Given material:
------------

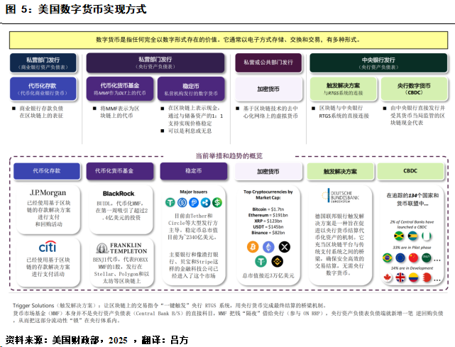而《GENIUS 法案》将进一步刺激法币抵押型稳定币规模的增长。2025年4月,美国财政部的一份报告 [ 详见美国财政部 《数字货币》,2025] 预计到2028年稳定币市场的市值可能达到2万亿美元。根据花旗集团的预测,到2030年,稳定币市场可能增长至3.7万亿美元。同时,通过对美国财政部《数字货币》中关于数字货币实现方式的内容分析(见图5),目前财政部的视角也是基于发币储备进行分类,例如,私营部门发币时,既使用商业银行负债的代币化存款,也涉及影响央行负债的代币化货币市场基金(MMF)和稳定币,因其资产储备为基于央行货币体系运营。
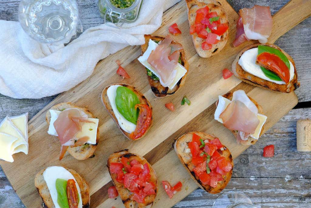 Houd je niet te strak vast aan de hoeveelheden. Kijk nog even wat je op voorraad hebt en maak hier gebruik van. De basis van de bruschetta’s is natuurlijk oud brood. Rooster dit op een grillplaat of bbq en dan kan het feestje van beleggen beginnen.
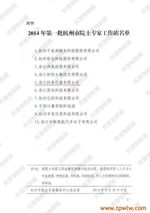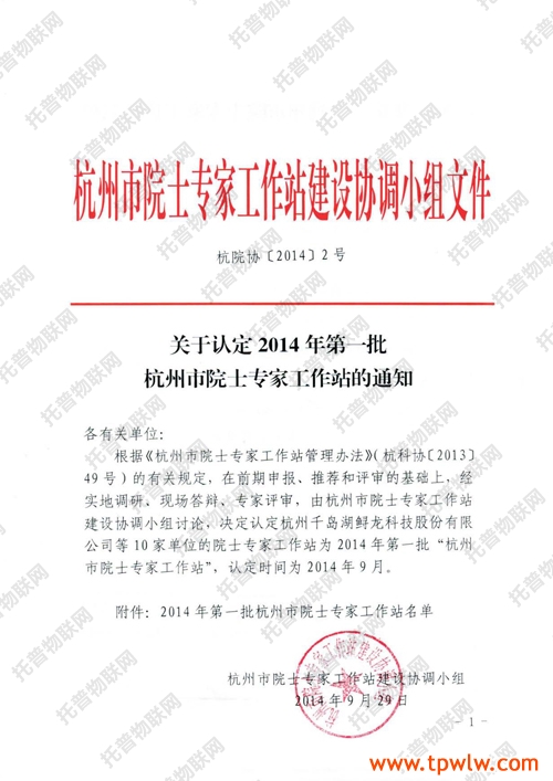 近日,《关于认定2014年第一批杭州市院士专家工作站的通知》颁发,认定托普仪器在内的10家单位院士专家工作站为2014年第一批杭州市院士专家工作站。
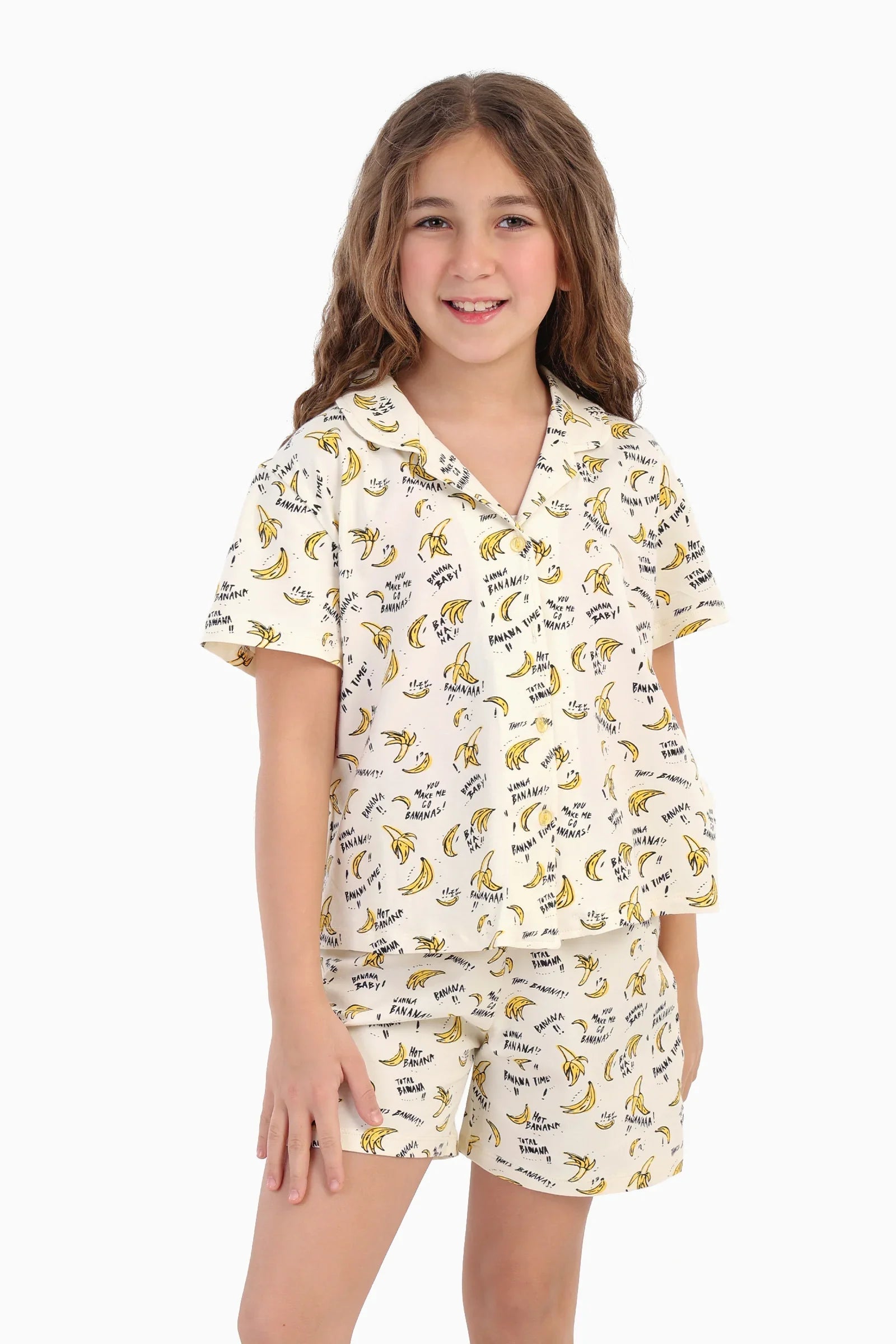 طقم بيجاما رائع بطبعة الموز، مصنوع من قطن ناعم، ليضمن لك نومًا هانئًا. يتميز تصميمه بقصته العادية ونقشه المطبوع المرح، مع ياقة مدببة وأزرار للإغلاق وفتحة كاملة لإطلالة كلاسيكية. كما يُضفي الشورت ذو الأكمام القصيرة والخصر المرن مزيدًا من الراحة والتهوية. سهل الارتداء ومثالي للاسترخاء أو النوم، ويُعدّ إضافةً رائعةً لخزانة ملابس أي طفل.

------------

Task statement:
All of the data above needs to be retyped exactly, with the pictures removed.

Solution to this exercise:
而《GENIUS 法案》将进一步刺激法币抵押型稳定币规模的增长。2025年4月,美国财政部的一份报告 [ 详见美国财政部 《数字货币》,2025] 预计到2028年稳定币市场的市值可能达到2万亿美元。根据花旗集团的预测,到2030年,稳定币市场可能增长至3.7万亿美元。同时,通过对美国财政部《数字货币》中关于数字货币实现方式的内容分析(见图5),目前财政部的视角也是基于发币储备进行分类,例如,私营部门发币时,既使用商业银行负债的代币化存款,也涉及影响央行负债的代币化货币市场基金(MMF)和稳定币,因其资产储备为基于央行货币体系运营。
 Houd je niet te strak vast aan de hoeveelheden. Kijk nog even wat je op voorraad hebt en maak hier gebruik van. De basis van de bruschetta’s is natuurlijk oud brood. Rooster dit op een grillplaat of bbq en dan kan het feestje van beleggen beginnen.
 近日,《关于认定2014年第一批杭州市院士专家工作站的通知》颁发,认定托普仪器在内的10家单位院士专家工作站为2014年第一批杭州市院士专家工作站。
 طقم بيجاما رائع بطبعة الموز، مصنوع من قطن ناعم، ليضمن لك نومًا هانئًا. يتميز تصميمه بقصته العادية ونقشه المطبوع المرح، مع ياقة مدببة وأزرار للإغلاق وفتحة كاملة لإطلالة كلاسيكية. كما يُضفي الشورت ذو الأكمام القصيرة والخصر المرن مزيدًا من الراحة والتهوية. سهل الارتداء ومثالي للاسترخاء أو النوم، ويُعدّ إضافةً رائعةً لخزانة ملابس أي طفل.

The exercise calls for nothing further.